Factory requisitioned by the ministry of Works. Signature of a civil servant not a minister. The company sued on the grounds that a minister should sign the warrant.
Attorney General v Jonathan Cape v [1976] QB 752
Cabinet responsibility
Both actions were dismissed; The court was not authorised to restrain the publication of information that was from as far as 10 years prior and as such, had lost its confidential character and would no longer undermine the doctrine of collective Cabinet responsibility.
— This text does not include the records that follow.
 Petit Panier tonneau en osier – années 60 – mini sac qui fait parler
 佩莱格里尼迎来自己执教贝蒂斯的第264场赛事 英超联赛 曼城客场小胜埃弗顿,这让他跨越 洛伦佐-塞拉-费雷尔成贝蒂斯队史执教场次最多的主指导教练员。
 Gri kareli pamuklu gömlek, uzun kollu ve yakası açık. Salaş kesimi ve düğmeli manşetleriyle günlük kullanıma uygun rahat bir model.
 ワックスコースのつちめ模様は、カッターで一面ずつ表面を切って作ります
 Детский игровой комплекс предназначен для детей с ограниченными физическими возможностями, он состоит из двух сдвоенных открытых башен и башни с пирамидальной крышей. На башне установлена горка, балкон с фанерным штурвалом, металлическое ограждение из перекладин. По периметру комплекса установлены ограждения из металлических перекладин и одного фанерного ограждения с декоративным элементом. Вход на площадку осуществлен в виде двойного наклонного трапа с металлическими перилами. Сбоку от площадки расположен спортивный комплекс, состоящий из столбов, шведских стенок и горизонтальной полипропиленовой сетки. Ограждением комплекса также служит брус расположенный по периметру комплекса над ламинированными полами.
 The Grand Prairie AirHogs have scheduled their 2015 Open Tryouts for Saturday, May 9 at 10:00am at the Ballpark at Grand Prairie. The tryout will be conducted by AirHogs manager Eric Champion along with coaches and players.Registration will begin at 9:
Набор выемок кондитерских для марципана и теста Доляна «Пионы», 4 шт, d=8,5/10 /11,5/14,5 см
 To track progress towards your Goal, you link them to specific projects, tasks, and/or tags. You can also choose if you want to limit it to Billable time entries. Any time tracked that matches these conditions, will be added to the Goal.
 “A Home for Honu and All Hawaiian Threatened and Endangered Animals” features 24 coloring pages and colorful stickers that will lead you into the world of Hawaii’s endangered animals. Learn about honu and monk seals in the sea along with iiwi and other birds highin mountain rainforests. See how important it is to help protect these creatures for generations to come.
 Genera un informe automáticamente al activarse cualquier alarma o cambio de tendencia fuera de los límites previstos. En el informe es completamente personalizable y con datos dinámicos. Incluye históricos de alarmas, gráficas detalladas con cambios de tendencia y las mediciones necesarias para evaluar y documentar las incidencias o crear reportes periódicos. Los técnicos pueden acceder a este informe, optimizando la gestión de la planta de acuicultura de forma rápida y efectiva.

The diaries of Richard Crossman ( minster of Labor Party government) gave an account of public. Published by Jonathan Cape. The AG injunction : what they reveal is breach of confidence, so it is unlawful. Breach the principle of collective and collective responsibility (two important conventions of the constitution). On the other hand: arguments on the freedom of speech. Conversely, the defendants argued that, by its nature as a convention, ‘there is no obligation enforceable at law to prevent the publication of Cabinet papers and proceedings, except in extreme cases where national security is involved’ (at 765).
Associated Provincial Picture Houses v Wednesbury Corporation [1948] 1 KB 223:
Rule of Law
Court held that: the granting of discretion is okay, but the exercise of that discretion must not be done in an arbitrary wa, and they will police the way in which these powers are exercised to ensure that it is reasonable.
Appeal dismissed = decision reasonable based on the Wednesbury test
Act of parliament authorising local authorities to issue licenses for the showing films (conditions as they see fit). In this case, not an unfettered discretion, need for discretion to be exercised lawfully – for the purpose for which intended. To avoid arbitrariness of discretion, it must be exercised in accordance with the law.
R (UNISON) v Lord Chancellor [2017] UKSC 51
The Rule of Law
the Supreme Court quashed the Fees Order and declaring it to be an unlawful interference with the common law right of access to justice.
Employment tribunal fees were introduced during July 2013 by the Employment Tribunals and the Employment Appeal Tribunal Fees Order 2013 (SI 2013/1893). Prior to that, since the creation of the employment tribunal system, claimants were not required to pay fees to bring their claims. Since their introduction, tribunal fees were the subject of repeated judicial review proceedings both in England and Wales, and in Scotland. Until the matter reached the Supreme Court, those challenges failed.